Note: a careful reader will notice that the same piece of data might have multiple valid refs pointing to it. Consider the following case:

  1. wandb-artifact:///example_entity/example_project/example_artifact:abc123/obj#attr/rows/index/10/key/input
  2. wandb-artifact:///example_entity/example_project/example_artifact:abc123/rows/0#index/10/key/input

Both of these refs will return the same exact data (assuming that the obj object's rows property is a pointer to the rows/0 entry.). While this is perfectly fine and valid, it has a problem. Case 2 breaks the relationship as we no longer know that the data was derived from traversing into the dataset itself. If you are given reference 2, then you have no way of knowing that it is actually a descendant member of wandb-artifact:///example_entity/example_project/example_artifact:abc123/obj (other than maybe by convention).
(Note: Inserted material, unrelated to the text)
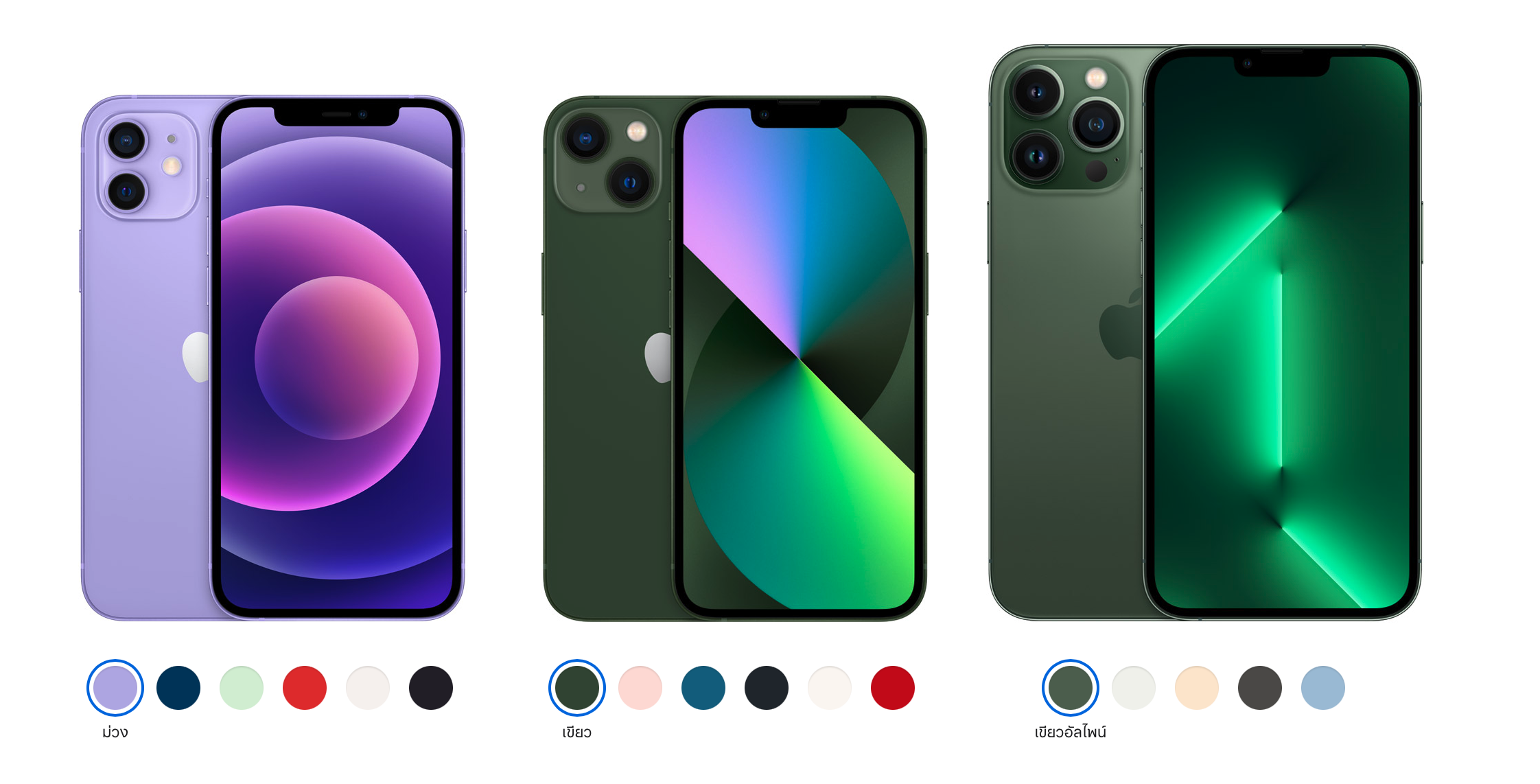 Apple เปิดตัว iPhone 12, 12 mini สีม่วงในเดือน เม.ย. 2021 และเปิดตัว iPhone 13, 13 mini, 13 Pro และ 13 Pro Max สีเขียวใหม่วันที่ 8 มี.ค. 2022 ซึ่งเป็นการเปิดตัวรุ่นสีใหม่หลังเปิดตัวรุ่นหลักราว ๆ 6 เดือน
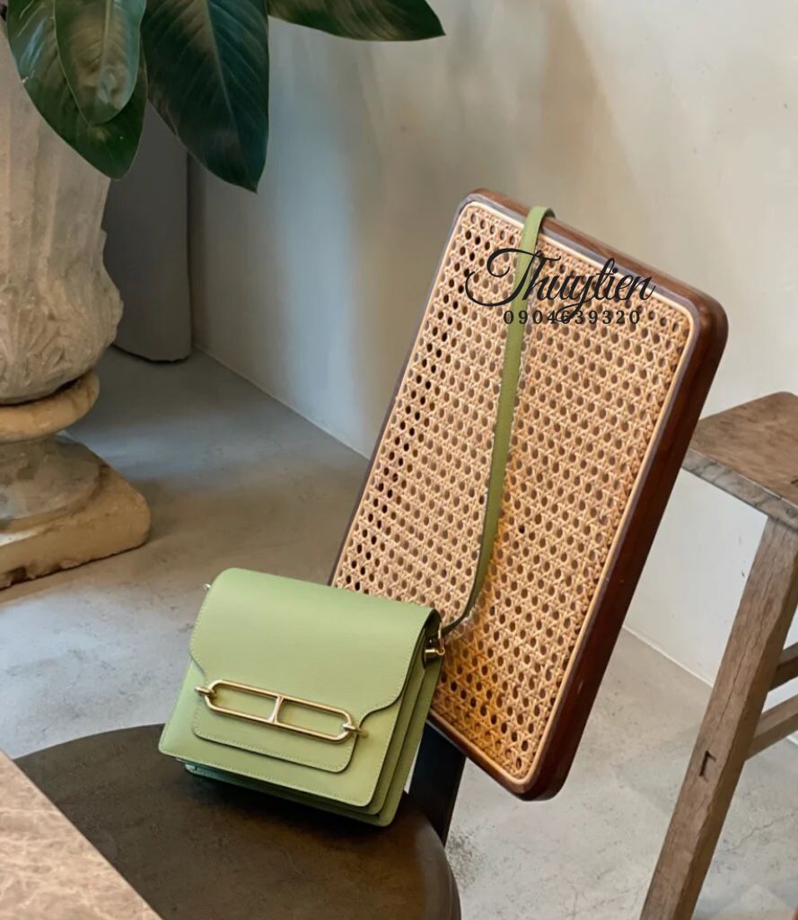 Túi Xách Hermes Roulis Da Evercolor Rep 1:1 Màu Xanh Cốm Khóa Vàng

Reference 2 is a biproduct of the serialization format, not the logical "thing" the user is using. Therefore, when constructing refs, we always prefer case 1. However, an important exception to this rule is if during the object extra traversal, we "jump" to completely new artifact, then we restart the ref there. This allows us to preserve the name of the object.

Further idea: We should probably add a ?hash=CONTENT_HASH at the end of refs - this would allow us to know if two entries in the same dataset are actually the same content. We can't purely rely on the artifact hash for uniqueness since the ref could be pointing to a deep member of the artifact.